The world needs scrap materials, but that does not mean business conditions consist solely of clear sailing. That was the message from two recycling organizations at the 2014 CMRA Annual Convention.

Scott Horne of the Institute of Scrap Recycling Industries (ISRI), Washington, noted that while the United States has experienced two straight quarters of gross domestic product (GDP) growth, one need only go back to the first quarter of 2014 to find a quarter with negative GDP growth.

Regarding global economic conditions, Horne indicated the International Monetary Fund (IMF) forecasts declining GDP numbers in the European Union and in Japan for 2014 and 2015.

The IMF and other forecasters continue to forecast China growing in the 5.5 to 7 percent range, however, China’s purchasing managers index (PMI) for future activity has flattened considerably, Horne noted.

In the United States, Horne said the light-vehicle industry has returned as an important generator and consumer of scrap metals. However, the housing market in the United States “remains bumpy at best,” he commented.

The health of the U.S. auto industry alone has not been enough to stave off the falling value of metals. At the same time, scrap processors are contending with lower steel and ferrous scrap prices, and they also are buying and selling in an environment where copper has lost 10 percent of its value in recent months.

Horne also remarked that developing nations throughout Asia are beginning to close their scrap supply deficits. He said one recent study forecasts China to be self-sufficient for red metal (copper) scrap by 2023.

Other forecasts see China becoming a net exporter of ferrous scrap within the next several years as its auto industry grows and as structures built since its post-1980 economic revival begin to enter the demolition cycle.
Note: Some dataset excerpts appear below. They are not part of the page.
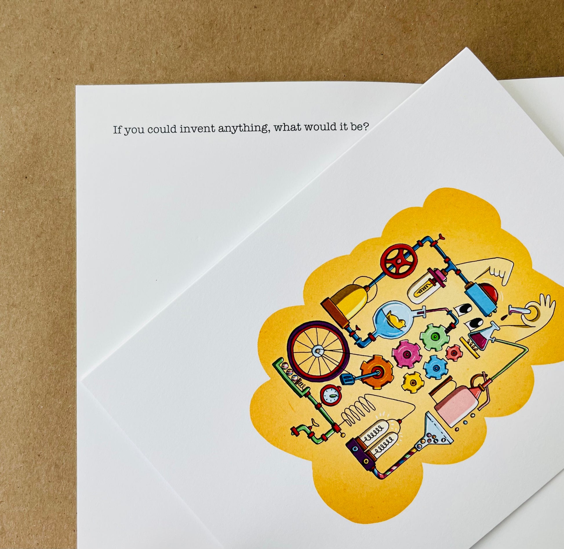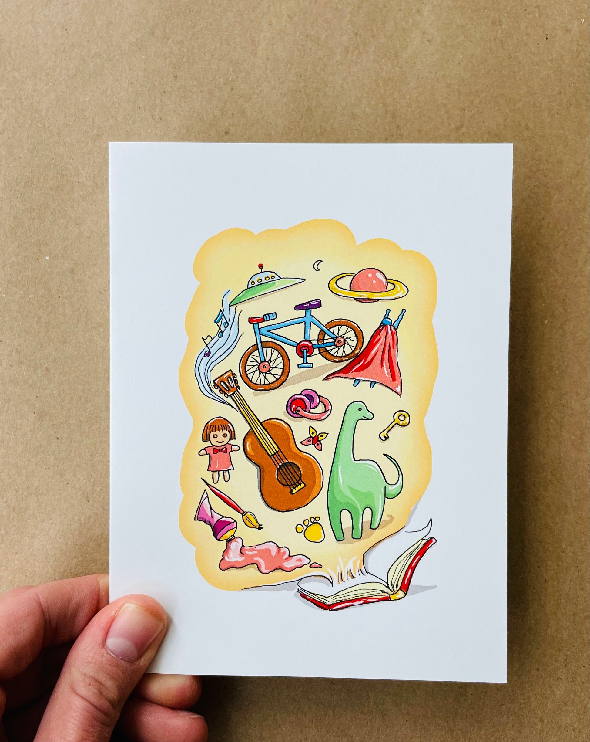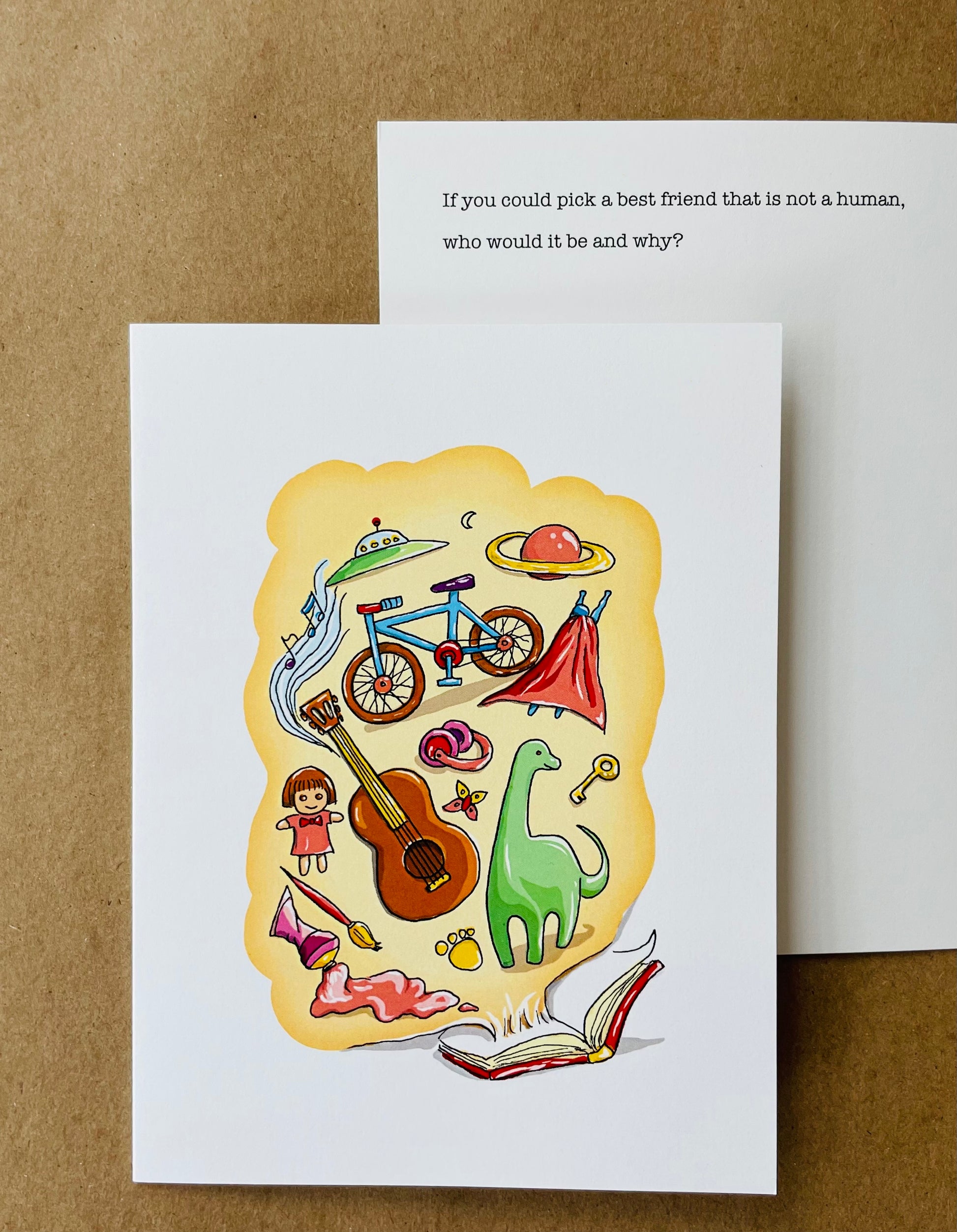 This set of cards paired with prompts is designed to help spark someone's imagination: use them to connect with your kids, to connect your kids with their cousins or their grandparents. The art was designed by a sister illustrator duo and every illustration evokes the prompt.
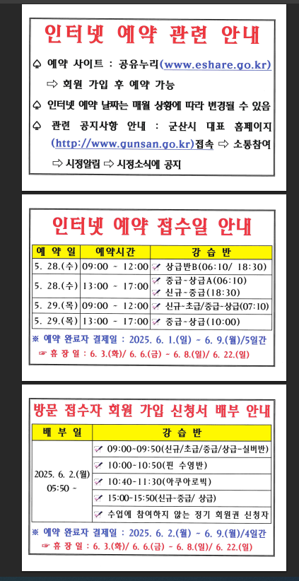 2. 인터넷 예약 접수일 : (성인반) - 2025. 5. 28.(수) ~ 5. 29.(목) / (어린이반 추가 모집 없음) * 첨부 파일 확인
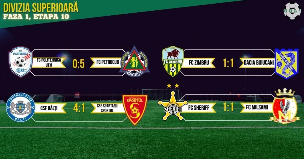 В Молдове в минувшие выходные, 23 и 24 августа, прошел десятый тур высшего дивизиона. ФК «Петрокуб» и СФК «Бэлць» разгромили соперников в своих матчах, а две другие игры завершились ничьей. GOL! представляет результаты матчей минувшего тура.
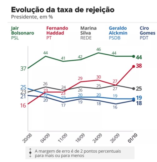 Acho que o apoio do edir macedo na sexta feira deve ter influenciado esse aumento, alem da grande exposicao que bolsonaro teve no sabado e no domingo com os movimentos contra e a favor de sua candidatura!!Quanto ao haddad ja era certo que sua rejeicao seria igualada a de bolsonaro quando os votos de marina e alckmin migrassem para outros candidatos!! Por isso o melhor da esquerda para enfrentar bolsonaro era o ciro gomes., que me desculpem os petistas mas e a pura verdade!!!
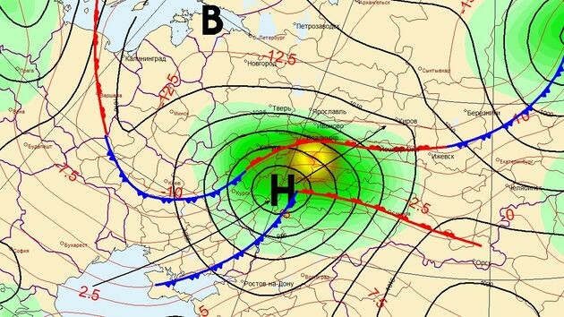 Погода в Центральной России на предстоящей неделе полностью оправдает эту народную поговорку. Барический экспресс Греция – Крым – Вятка, который постоянно курсирует этой зимой по территории России, опять привезёт снегопады и метели. Уже сегодня ночью очередной очень активный и быстрый циклон пойдёт по этому маршруту, пройдя севернее Крыма на Курск, и далее на Казань. Сегодня ночью в Курской и Белгородской областях начнётся сильный снег и метель при ветре 7–12 м/с и температуре воздуха до −4°. По мере прохождения циклона снег перейдёт днём в дождь, а температура поднимется до +4° , а вечером, после прекращения дождя, температура в Курске упадёт до −8…−10°. Сложно сказать, сколько снега выпадет, а сколько растает, но суточное количество осадков в Курской, Липецкой, Орловской, Рязанской и других областях по траектории движения этого злого вихря легко достигнет 30 мм, что в среднем окажется более 2/3 месячной нормы осадков.Во второй половине понедельника центр циклона окажется на севере Т
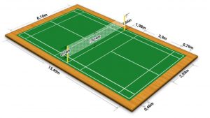 Berdasarkan pendapat di atas, disimpulkan bahwa bulu tangkis merupakan cabang olahraga yang dimainkan menggunakan net, raket, dan cocks untuk menjatuhkan bola ke lapangan lawan. Berikut ditunjukkan gambar lapangan bulu tangkis :
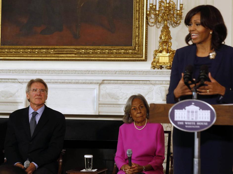 Harrison Ford Michelle Obama"Harrison Ford. Ali mislite, da je vas vrglo, ker sem jaz tukaj? Mene je vrglo, ker je on tukaj," je povedala ameriška prva dama Michelle Obama, ko se je v Beli hiši srečala z igralcem Harrisonom Fordom. Reuters
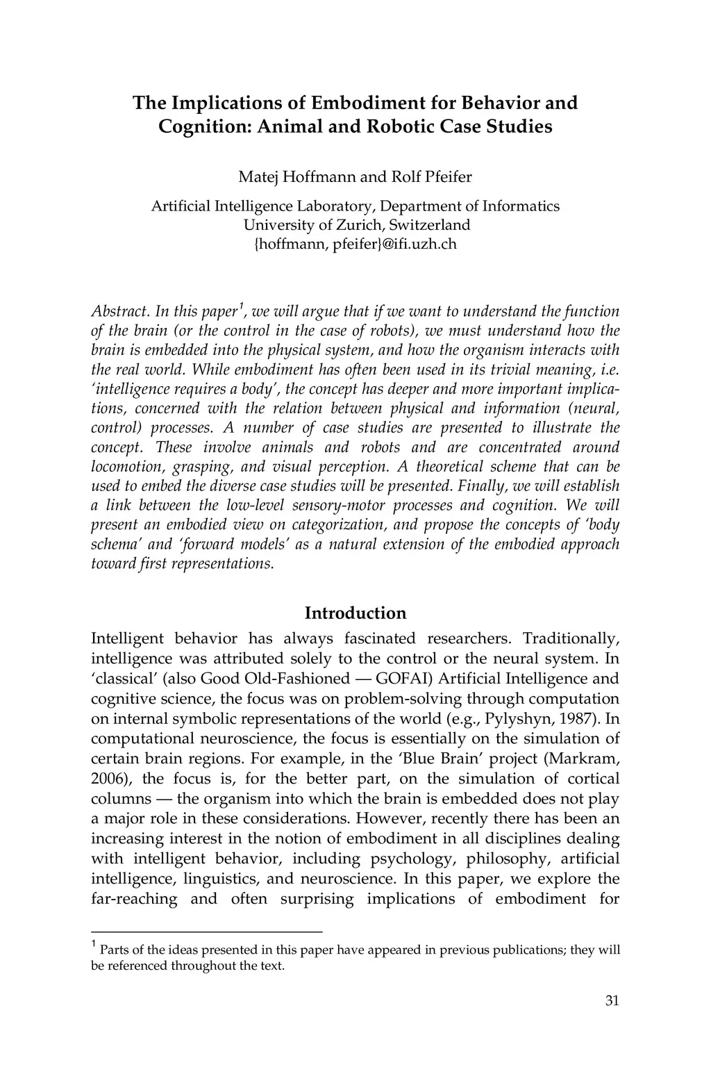 In this paper, we will argue that if we want to understand the function of the brain (or the control in the case of robots), we must understand how the brain is embedded into the physical system, and how the organism interacts with the real world. While embodiment has often been used in its trivial meaning, i.e. íntelligence requires a body', the concept has deeper and more important implications, concerned with the relation between physical and information (neural, control) processes. A number of case studies are presented to illustrate the concept. These involve animals and robots and are concentrated around locomotion, grasping, and visual perception. A theoretical scheme that can be used to embed the diverse case studies will be presented. Finally, we will establish a link between the low-level sensory-motor processes and cognition. We will present an embodied view on categorization, and propose the concepts of 'body schema' and 'forward models' as a natural extension of the embodied approach toward first representations.
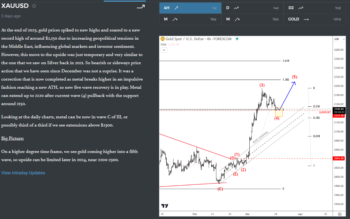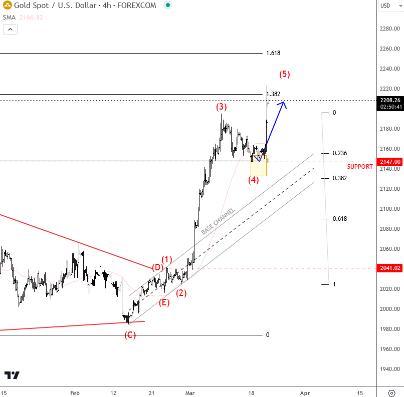 Gold (XAUUSD) faced an impulsive rally into new all-time highs recently and just 3 days back we mentioned and highlighted about an ongoing bullish impulse in the 4-hour chart. We warned our members about a corrective pullback in wave (4) with ideal support around 2150, which was also previous all-time highs level.

The previous 20 years have been marked by an incredible flow of secondary commodities from the United States to China, with China purchasing $145 million of these materials in 1993 and $9 billion worth in 2013, Horne said.

Seeking quicker clearance

China’s customs agency is testing a pilot system in Guangdong Province to cut down on imported scrap container wait times.

At a recycling conference in late 2014, a representative from China’s General Administration of Customs (GAC) acknowledged that scrap traders are running into bottlenecks at Chinese ports and outlined one measure the agency is taking to try to alleviate the situation.

Chen Zejun of the GAC’s Guangzhou Merchandise Valuation and Information Office said the GAC is “focusing on fast declarations and customs clearance” in Guangdong province.

A pilot project in that South China province is known as the “one declaration” system. “In the past it might take two days to two weeks with three different procedures involved,” Chen said of customs clearance. “We are trying to go faster with this model. You only need to declare [your inbound shipment] once, and then immediately examination and clearance will start—at the same time, not one-by-one in sequence,” said Chen.

Traders gathered at the convention commented that the pilot system has the benefit of eliminating the need to unload and reload a container more than once for different inspections. However, it still can entail a wait time while trying to schedule inspectors from the GAC and the General Administration of Quality Supervision, Inspection and Quarantine (AQSIQ) to arrive at the same time.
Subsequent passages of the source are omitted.